# History of concussion



## SUEV (Apr 28, 2011)

Hi all!
Would V15.52 (hx of traumatic brain injury) or V15.59 (hx of injury) be better to use for a "history of concussions x 3".  I'm not sure what qualifies as "traumatic". 
Thanks-Sue


----------



## JillSmithers (Aug 6, 2014)

*History of Concussions - Athlete*

I would love to know this as well. I have a professional athlete who has suffered from multiple concussions in the past playing football.

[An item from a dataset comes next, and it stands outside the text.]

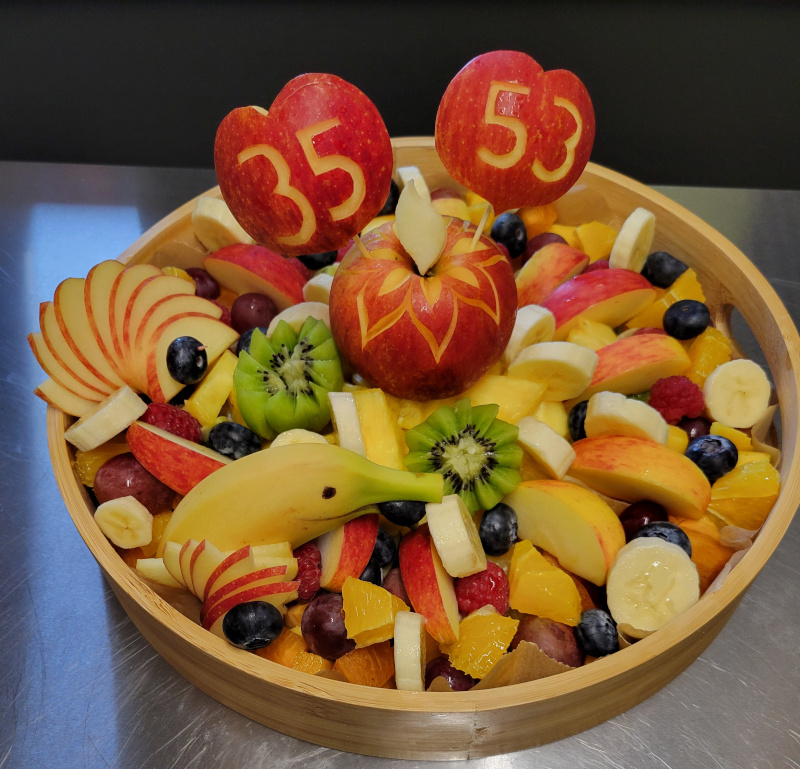 Les fruits sont lavés et découpés le jour même de la prestation, et je vous conseille de les consommer dans les 24h pour une fraîcheur optimale !

I have 310.2 (Concussion syndrome), but would like to know if V15.52 or V15.59 would be the best choice.


----------



## MarcusM (Aug 6, 2014)

Once a TBI diagnosis is entered into the insurance carrier system, then that diagnosis never goes away, even if the TBI was mild in nature without permanent damage. Your doctor needs to be as accurate as possible with these type diagnosis codes.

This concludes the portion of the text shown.